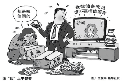 搶鹽的信息到底是怎么傳播開來的?“我母親打電話通知我,趕緊去超市買鹽,朋友給我發(fā)了短信催我買鹽,打開網(wǎng)頁更是鋪天蓋地的核輻射和搶鹽的報(bào)道,鄰居間打招呼都變成了‘你買到鹽沒’。”王女士說,“現(xiàn)在吃也吃不完,退也退不掉,真不知道該怎么辦。”
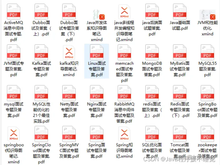 Java 后端+Spring+SpringCloud+SpringBoot+SpringMVC+Mybatis+MySQL+SQL 优化+Tomcat+Dubbo+JVM+Kafka+Linux+Nginx+Zookeeper+多线程+高并发+乐观锁+悲观锁全套的面试资料题,五刷过后还是会有收获的题。
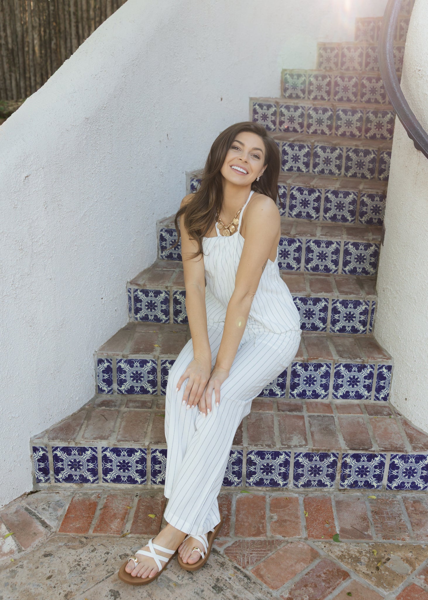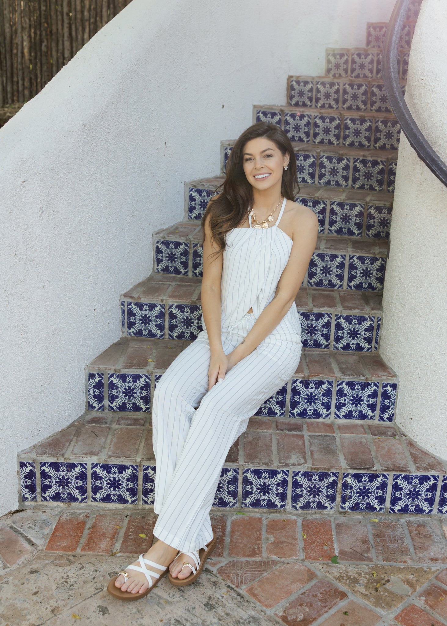 Chic Linen Stripe Halter Top & Pant Set
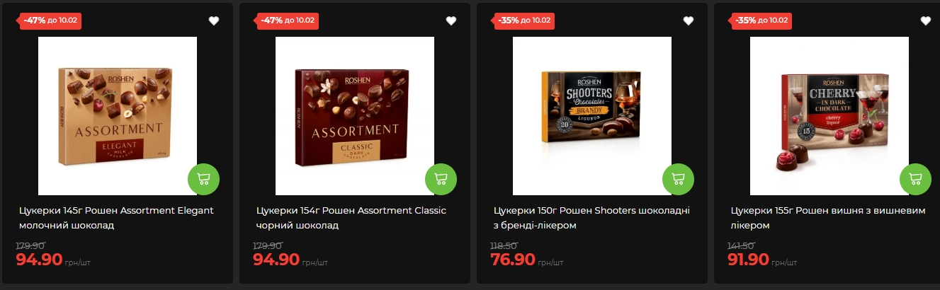 Премиум-варианты включают конфеты Raffaello весом 80 граммов за 106,90 гривны (скидка 7%), бельгийские конфеты De Luxe Selected Морские Сокровища (250 граммов за 165,50 гривны со скидкой 18%) коктейлей (200 граммов за 173,60 гривны, скидка 26%). Все эти позиции идеально подходят для тех, кто желает произвести впечатление качественным подарком.
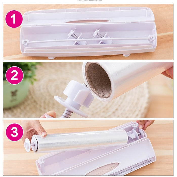 - Food Storage: Use the Wraplastic Food Wrap Dispenser to cut and dispense plastic wrap, aluminum foil, or parchment paper for wrapping leftovers, covering dishes, or preparing ingredients. The built-in cutter ensures a clean, straight edge for easy use.
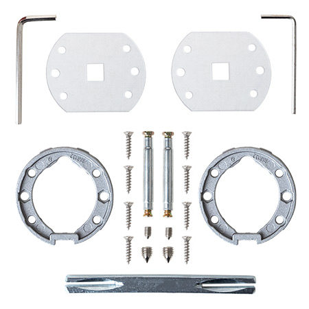 Тип крепежа Стяжки M4 12(33)30 - 2 шт, саморезы SТ3*15 - 8 шт, винт фиксации - 4 шт, ключ шестигранный - 2 шт.
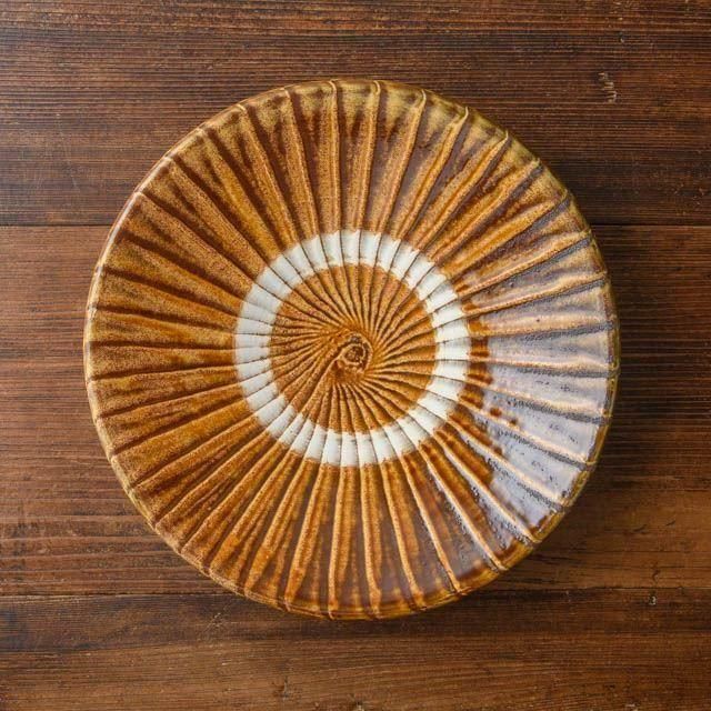 小鹿田焼 黒木昌伸窯 七寸皿 08 刷毛目 飴

§

## The task
An exact copy of every entry, pictures left out, is what to write here.

## Reply to the task
 搶鹽的信息到底是怎么傳播開來的?“我母親打電話通知我,趕緊去超市買鹽,朋友給我發(fā)了短信催我買鹽,打開網(wǎng)頁更是鋪天蓋地的核輻射和搶鹽的報(bào)道,鄰居間打招呼都變成了‘你買到鹽沒’。”王女士說,“現(xiàn)在吃也吃不完,退也退不掉,真不知道該怎么辦。”
 Java 后端+Spring+SpringCloud+SpringBoot+SpringMVC+Mybatis+MySQL+SQL 优化+Tomcat+Dubbo+JVM+Kafka+Linux+Nginx+Zookeeper+多线程+高并发+乐观锁+悲观锁全套的面试资料题,五刷过后还是会有收获的题。
 Chic Linen Stripe Halter Top & Pant Set
 Премиум-варианты включают конфеты Raffaello весом 80 граммов за 106,90 гривны (скидка 7%), бельгийские конфеты De Luxe Selected Морские Сокровища (250 граммов за 165,50 гривны со скидкой 18%) коктейлей (200 граммов за 173,60 гривны, скидка 26%). Все эти позиции идеально подходят для тех, кто желает произвести впечатление качественным подарком.
 - Food Storage: Use the Wraplastic Food Wrap Dispenser to cut and dispense plastic wrap, aluminum foil, or parchment paper for wrapping leftovers, covering dishes, or preparing ingredients. The built-in cutter ensures a clean, straight edge for easy use.
 Тип крепежа Стяжки M4 12(33)30 - 2 шт, саморезы SТ3*15 - 8 шт, винт фиксации - 4 шт, ключ шестигранный - 2 шт.
 小鹿田焼 黒木昌伸窯 七寸皿 08 刷毛目 飴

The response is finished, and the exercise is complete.